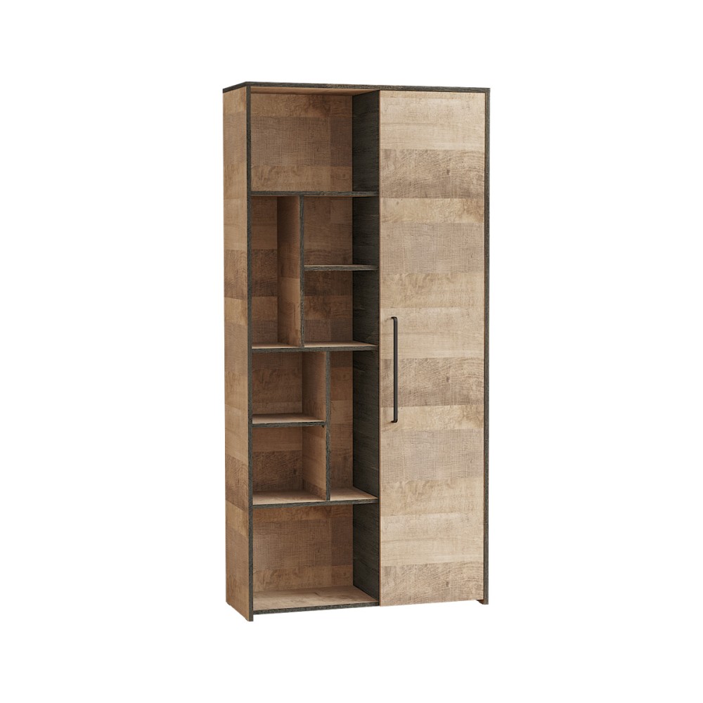 Лицевая фурнитура с тем же покрытием придаёт мебели индустриальную эстетику.
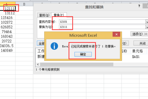 5、此时弹出提示框显示已经将12101替换为了12111,点击确定按钮进行下一步数据替换工作。
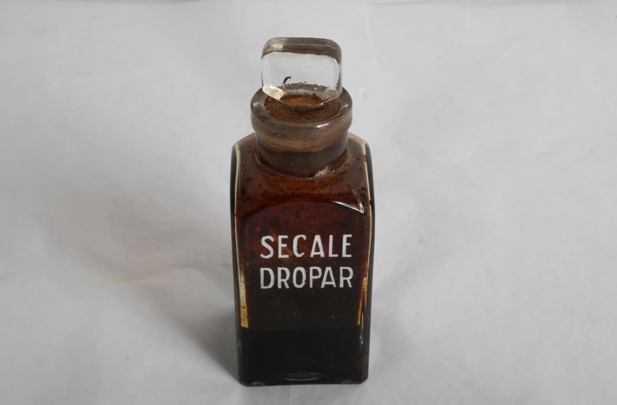 Ferköntuð glerflaska með glertappa, merkt "Secle-dropar". Ljósmæðraáhöld Jónínu Gunnarsdóttur (f.02.09.1899), ljósmóður í Hlíðarhreppi frá 1922-1964 og Tunguhreppi 1926-1927. Bjó lengst af á Fossvöllum. Var kunningjakona og sveitungi gefanda.
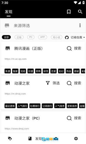 5、耐心等待订阅成功,订阅完成后,进入“发现”板块,便能看到众多漫画平台,像腾讯漫画、动漫之家、布卡漫画、漫漫漫画以及可米酷等都在其中。

Action item: From the opening line of the listing above through the line bearing "Ferköntuð glerflaska með", repeat each line exactly. Drop every picture.

Reply:
 Лицевая фурнитура с тем же покрытием придаёт мебели индустриальную эстетику.
 5、此时弹出提示框显示已经将12101替换为了12111,点击确定按钮进行下一步数据替换工作。
 Ferköntuð glerflaska með glertappa, merkt "Secle-dropar". Ljósmæðraáhöld Jónínu Gunnarsdóttur (f.02.09.1899), ljósmóður í Hlíðarhreppi frá 1922-1964 og Tunguhreppi 1926-1927. Bjó lengst af á Fossvöllum. Var kunningjakona og sveitungi gefanda.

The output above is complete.